When Should Chronic Back Pain Lead to Specialist Evaluation Versus Continued Conservative Care?

The statistic that approximately 90% of chronic low back pain cases are non-specific mechanical disorders means most people experiencing persistent back pain can benefit from structured conservative treatment—physical therapy, activity modification, appropriate medications, and lifestyle changes—without needing specialist input. However, certain red flags warrant evaluation by a spine specialist: progressive neurological symptoms (worsening numbness, weakness, or loss of bladder/bowel control), pain that fails to improve after 6-12 weeks of consistent conservative management, or imaging findings (from an initial evaluation by a primary care physician) suggesting stenosis, significant spondylolisthesis, or other structural issues that might benefit from injection therapies or surgical evaluation. The landscape of back pain management continues evolving as specialists gain better tools for matching treatments to specific diagnoses.

Minimally invasive procedures like epidural steroid injections, facet joint injections, and disc ablation techniques now offer intermediate options between conservative management and traditional surgery for specific diagnoses. Someone with stenosis-induced claudication, for example, might benefit substantially from epidural injections without needing surgery. Understanding that you fall into one of these eleven diagnostic categories helps you ask informed questions about what treatments your specialist recommends and why, rather than accepting vague reassurance that “back pain is common and usually improves.”.

Conclusion

Chronic lower back pain encompasses a diverse set of eleven primary diagnoses that spine specialists reliably identify through clinical evaluation, imaging, and patient history. From the most common causes—muscle strain and degenerative arthritis—to the more subtle patterns like piriformis syndrome or endplate-driven pain, each diagnosis carries distinct implications for treatment strategy and prognosis.

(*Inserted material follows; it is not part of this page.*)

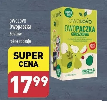 Cena produktu r贸偶ni si臋 w zale偶no艣ci od wybranego sklepu. Niestety nie posiadamy danych o aktualnych promocjach, jednak w艣r贸d archiwalnych ofert Owopaczka gruszkowa Owolovo kosztuje od 17,99 z艂.

The reassuring reality is that 97% of chronic back pain stems from mechanical issues rather than serious underlying conditions, and most cases improve or become manageable through conservative measures including physical therapy, activity modification, appropriate medications, and lifestyle changes addressing identifiable risk factors like smoking, inactivity, or stress. If you’ve recently received a chronic back pain diagnosis or are struggling with persistent lower back pain, asking your healthcare provider which of these eleven categories best describes your condition—and what specific features of your case led to that diagnosis—transforms a vague problem into something concrete and manageable. Understanding the underlying cause gives you a framework for evaluating treatment recommendations, realistic timelines for improvement, and the information you need to make informed decisions about whether specialist evaluation, injections, or more advanced interventions make sense for your particular situation.